**Work instruction**
All lines below starting at the one that holds "しかしそのティッシュを紳士に" and ending at the one that holds "4、配货监控功能可查看运输单详情,涵盖项目名称、地址以及司机配送信息。" should be printed exactly, ends included. Pictures should not be printed, nor anything else.

**Materials provided**

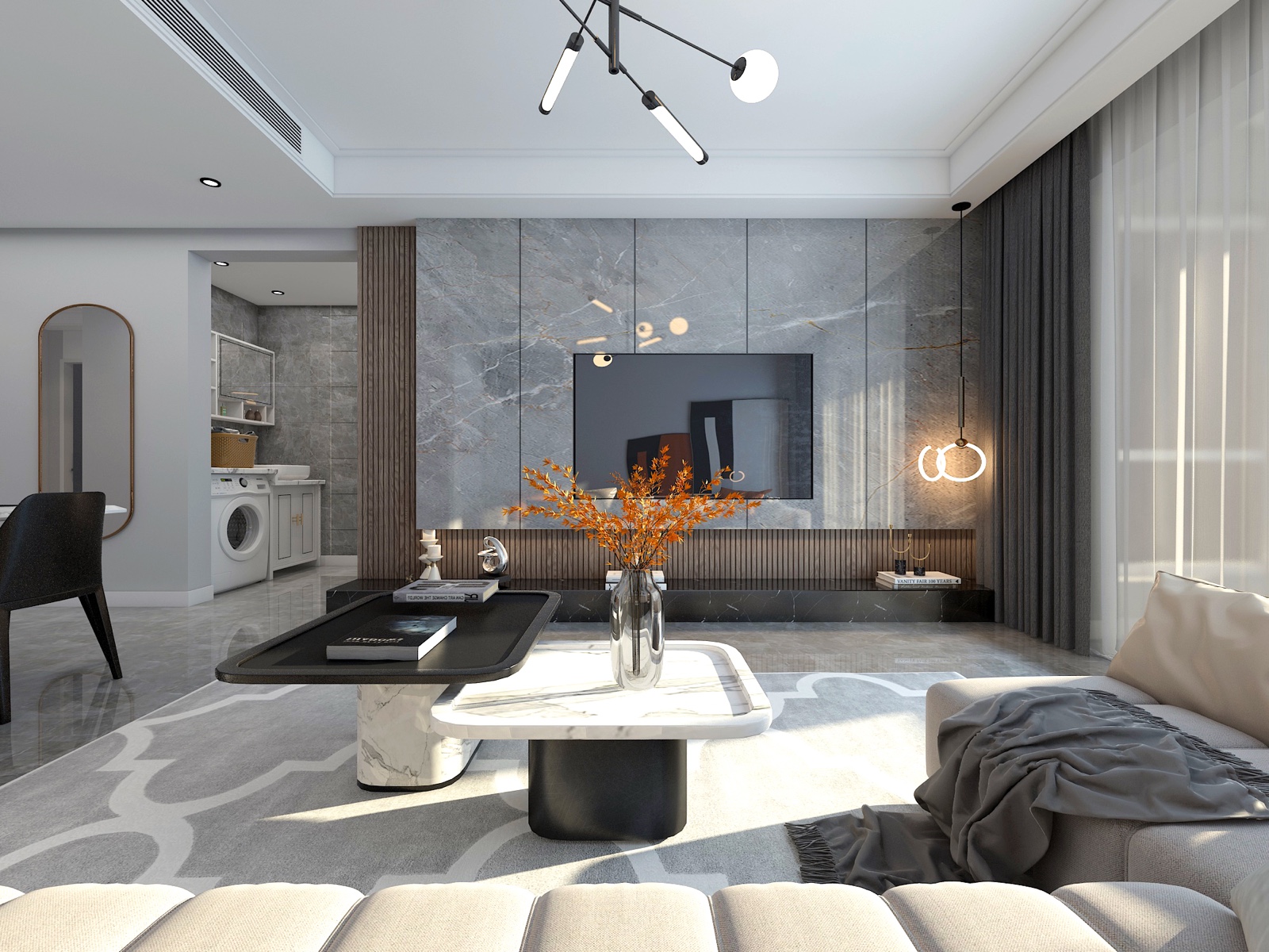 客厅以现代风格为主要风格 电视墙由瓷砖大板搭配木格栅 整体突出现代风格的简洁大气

==

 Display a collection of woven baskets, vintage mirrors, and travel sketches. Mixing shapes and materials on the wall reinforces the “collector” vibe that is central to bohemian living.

...

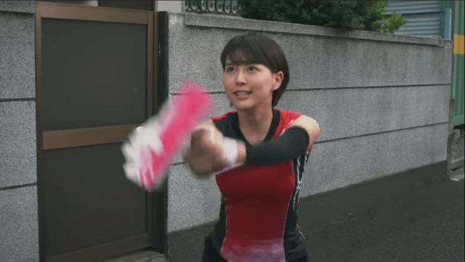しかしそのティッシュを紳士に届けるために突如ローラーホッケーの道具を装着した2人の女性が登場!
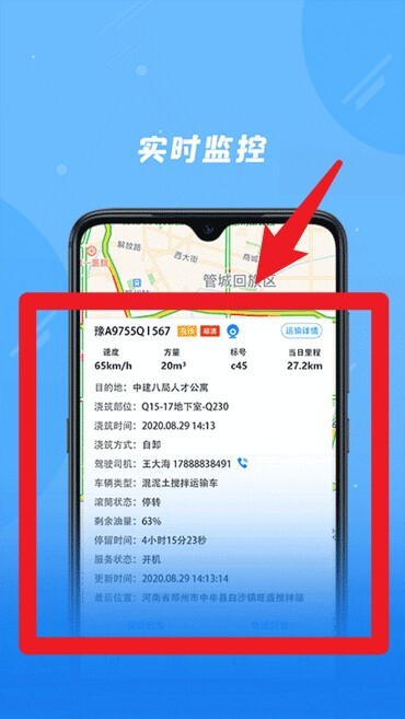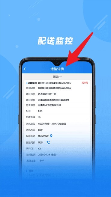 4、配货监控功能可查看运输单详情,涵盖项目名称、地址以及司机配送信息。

**Response to this task**
しかしそのティッシュを紳士に届けるために突如ローラーホッケーの道具を装着した2人の女性が登場!
 4、配货监控功能可查看运输单详情,涵盖项目名称、地址以及司机配送信息。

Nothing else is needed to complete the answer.